La differenziata diventa realtà

Dom, 10/07/2016 - 14:36
La conferenza stampa tenuta dal sindaco e dall’architetto Tucci ha spiegato nel dettaglio quali obblighi e agevolazioni comporterà l’avvio della raccolta differenziata per Siderno. Intanto, giovedì, è iniziata la distribuzione dei mastelli ai cittadini.

Era determinato a dare un freno alle maldicenze, il sindaco Pietro Fuda, che martedì ha indetto una conferenza stampa che spiegasse nel dettaglio che cosa comporterà per Siderno l’avvio della raccolta differenziata porta a porta. Con la distribuzione dei mastelli, avviata giovedì mattina da Siderno Superiore, il primo cittadino ha sentito la necessità di spiegare che le insistite voci relative a un sensibile aumento della tassa sulla spazzatura per i residenti non sono altro che illazioni derivate da una cattiva informazione.
«Abbiamo stimato - ha affermato Fuda in apertura di conferenza stampa - che, nella peggiore delle ipotesi, l’aumento complessivo delle spese per il conferimento dei rifiuti potrebbe corrispondere a 1 € a nucleo famigliare e solo nel primo anno di servizio».
Questa ipotesi, ha dunque spiegato l’architetto Nicola Tucci deriva da un effettiva convenienza del servizio di raccolta stradale rispetto a quello porta a porta, nel cui prezzo è tuttavia compreso il costo del materiale che verrà distribuito a ogni famiglia e dal quale è da decurtare la penale di 22 € a tonnellata per il conferimento dei rifiuti che la Regione impone ai comuni che non fanno la differenziata.

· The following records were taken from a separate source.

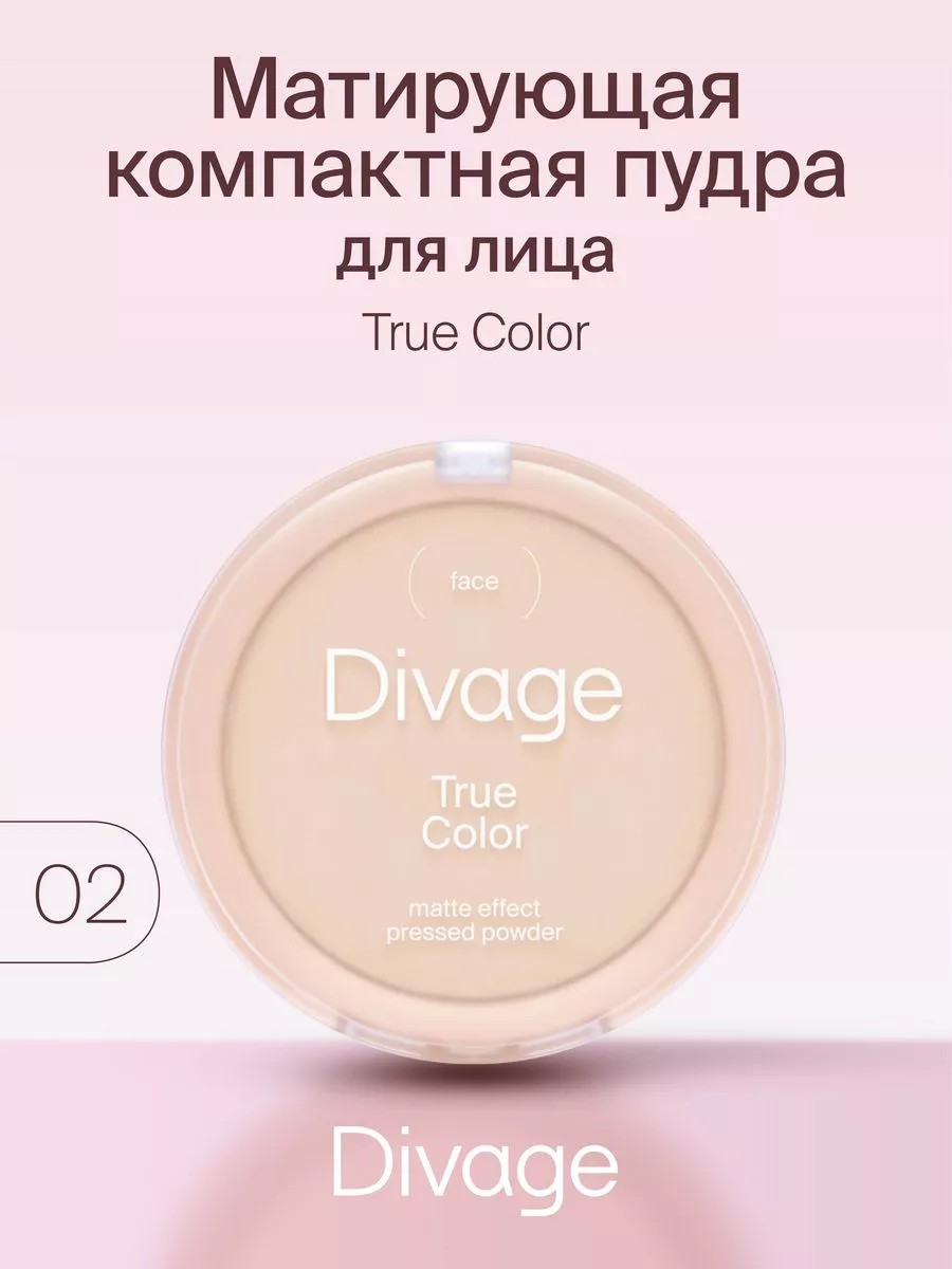 Устойчивая матирующая пудра для лица True Color с шелковистой текстурой покрывает кожу легкой вуалью. Пудра конпактная прекрасно скрывает мелкие несовершенства кожи и делает лицо ухоженным. Обладает естественным матовым финишем. Идеально подходит для создания естественного свежего макияжа. Советы от Divage раскроют для вас все грани этого продукта. Используй ее не только для придания матовости коже лица, но и для завершения макияжа. Нанесение пудры последним этапом продлевает стойкость макияжа. Перед нанесением, промокните Т зону с помощью салфетки. Это поможет избежать «эффекта маски», а пудра ляжет легкой бархатистой вуалью. В линейке представлено пять оттенков. Тон 01 Fair – самый светлый нейтральный тон. Подойдет даже девушкам с очень светлой кожей. Тон 02 Ivory – светлый тон, с легким оттенком «слоновой кости». Подойдет всем девушкам чья кожа от светлого до среднего тона. Тон 03 Beige – средний нейтральный тон с натуральным бежево-желтоватым подтоном. Подойдет обладательницам кожи от светлого до среднего тона. Тон 04 Sand – оттенок пудры с средним (песочным) теплым подтоном. Оттенок подойдет обладательницам среднего тона кожи , теплого подтона, или светлокожим девушкам после легкого загара. 05 Honey – теплый «медовый» оттенок придающий лицу легкий тон загара, подойдет для тех кто хочет усилить или поддержать эффект загара, а так же смуглым девушкам.
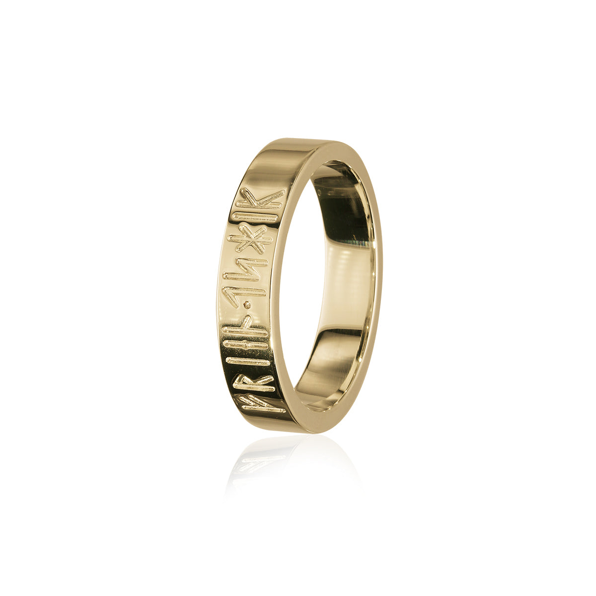 Love, loyalty, friendship inscribed in ancient runes wind around these simple polished bands.
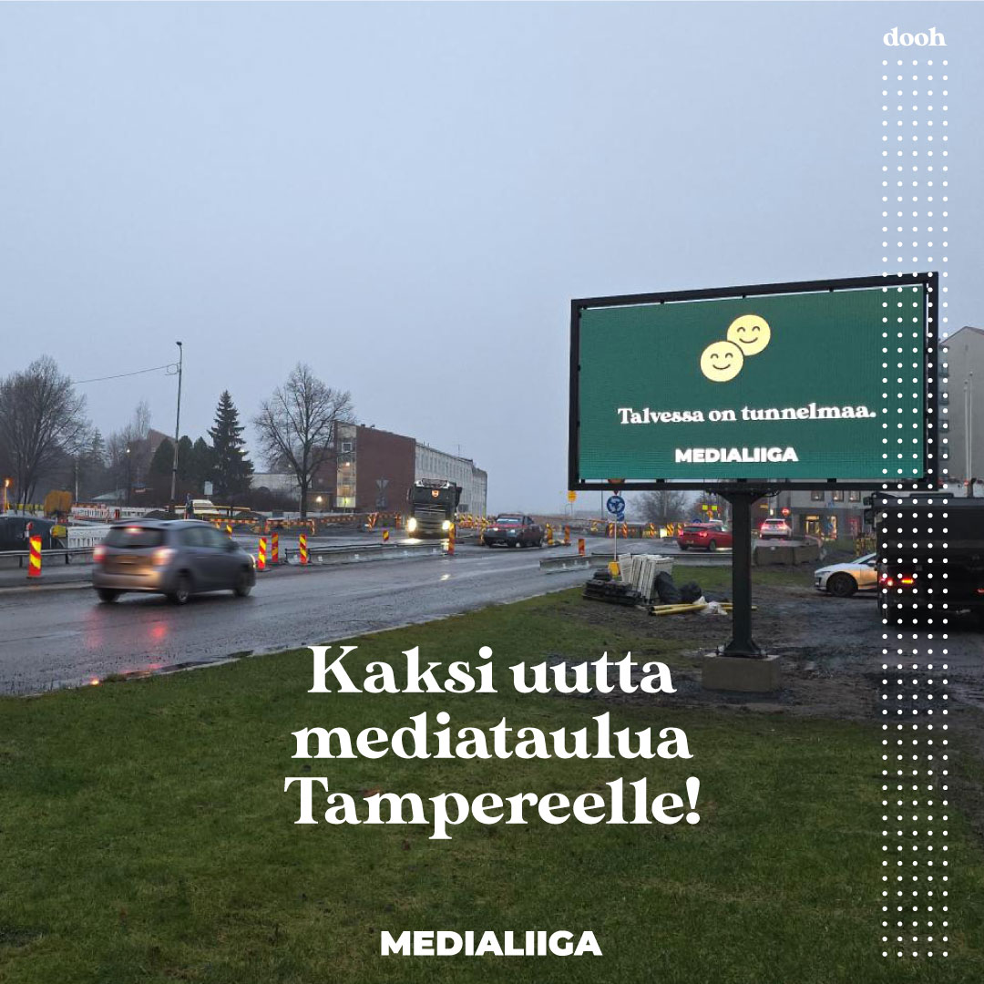 Medialiigan Pirkanmaan mediatauluverkosto on laajentunut kahden uuden valovoimaisen kohteen voimin. Näyttävät 10 m² kokoiset mediataulut sijaitsevat Tampereen eteläpuolella Sarankulmankadulla, sekä itäpuolella Messukylänkadulla. Uutuuksien myötä mediatauluja löytyy Pirkanmaalta jo 30 kappaletta.
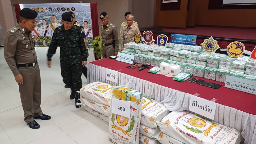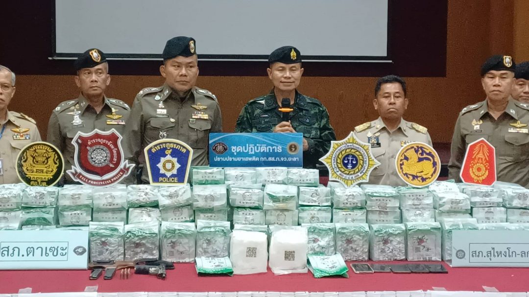 ที่ ห้องประชุมสามัคคี ตำรวจภูธรจังหวัดยะลา พลโท.นรธิป โพยนอก แม่ทัพภาคที่ 4 / ผู้อำนวยการรักษาความมั่นคงภายในภาค 4 พร้อมด้วย พล.ต.ท.ปิยะวัฒน์ เฉลิมศรี ผู้บัญชาการตำรวจภูธรภาค 9 นายอำนาจ ชูทอง รอง ผู้ว่าราชการจังหวัดยะลา นายนันทพงษ์ สุวรรณรัตน์ รองเลขาธิการ ศูนย์อำนวยการบริหารจังหวัดชายแดนภาคใต้ นายวันอุสมาน ลาเต๊ะ ผอ.ส่วนตรวจสอบทรัพย์สิน สำนักงานป้องกันปราบปรามเสพติดภาค 9 และ เจ้าหน้าที่ชุดจับกุม ร่วมแถลงผลการปฏิบัติการกวาดล้างเครือข่ายยาเสพติดรายใหญ่ จับกุมผู้ต้องหา จำนวน 3 ราย พร้อมของกลางไอซ์ 400 กิโลกรัม และอาวุธปืน มูลค่าความเสียหายทางเศรษฐกิจกว่า 72 ล้านบาท

Ma ci saranno altri vantaggi per il cittadino: grazie all’accostamento di un codice a barre al codice fiscale dell’utenza, infatti, ogni nucleo famigliare pagherà solo per il volume effettivo di pattume prodotto e, a un maggiore livello di differenziazione, corrisponderà un maggiore risparmio sulla tassa annuale. Chi potrà produrre compost domestico, si vedrà decurtare il costo di conferimento dell’umido e, vista l’imminente scomparsa dei cassonetti stradali, l’obbligo di ogni utenza di possedere i mastelli condurrà a un censimento che permetterà al Comune di contrastare l’evasione fiscale di settore, garantendo così un ulteriore risparmio per i cittadini onesti. Il codice a barre permetterà inoltre di comprendere in quali zone e in quali periodi dell’anno si producono più rifiuti, garantendo così una rimodulazione del servizio a seconda delle necessità e producendo preziosi posti di lavoro. A chiosa del discorso condotto da Tucci, la vicesindaco Anna Romeo è intervenuta per garantire ai cittadini che non verranno lasciati soli nel processo di transizione e che, assieme ai mastelli, saranno distribuiti dei depliant che spiegheranno alla popolazione come portare a termine correttamente la differenziazione dei rifiuti. È stato inoltre garantito che, presso il Comune, ci sarà sempre la possibilità di chiarire qualunque dubbio in merito, così come lo si potrà fare ogni tre mesi alla consegna domiciliare dei sacchetti per l’umido da parte degli operatori ecologici.
È stato infine spiegato che, accanto ai classici cestini, lungo i marciapiedi saranno installati trespoli presso i quali differenziare la spazzatura anche quando si è fuori casa e che gli ingombranti potranno essere conferiti personalmente dai cittadini presso l’isola ecologica di imminente apertura o ritirati gratuitamente dalla società su appuntamento.
«La differenziata - ha concluso la Romeo - diventerà un banco di prova utile a identificare chi davvero vuole contribuire a migliorare la città è chi invece è disinteressato a perseguire questo obiettivo».
Grazie alla collaborazione di tutti, in effetti, luglio 2016 potrebbe essere ricordato in futuro come il mese in cui Siderno ripulì la propria immagine e, iniziando a fare economia, ebbe la possibilità di pianificare altri importanti interventi per rinascere.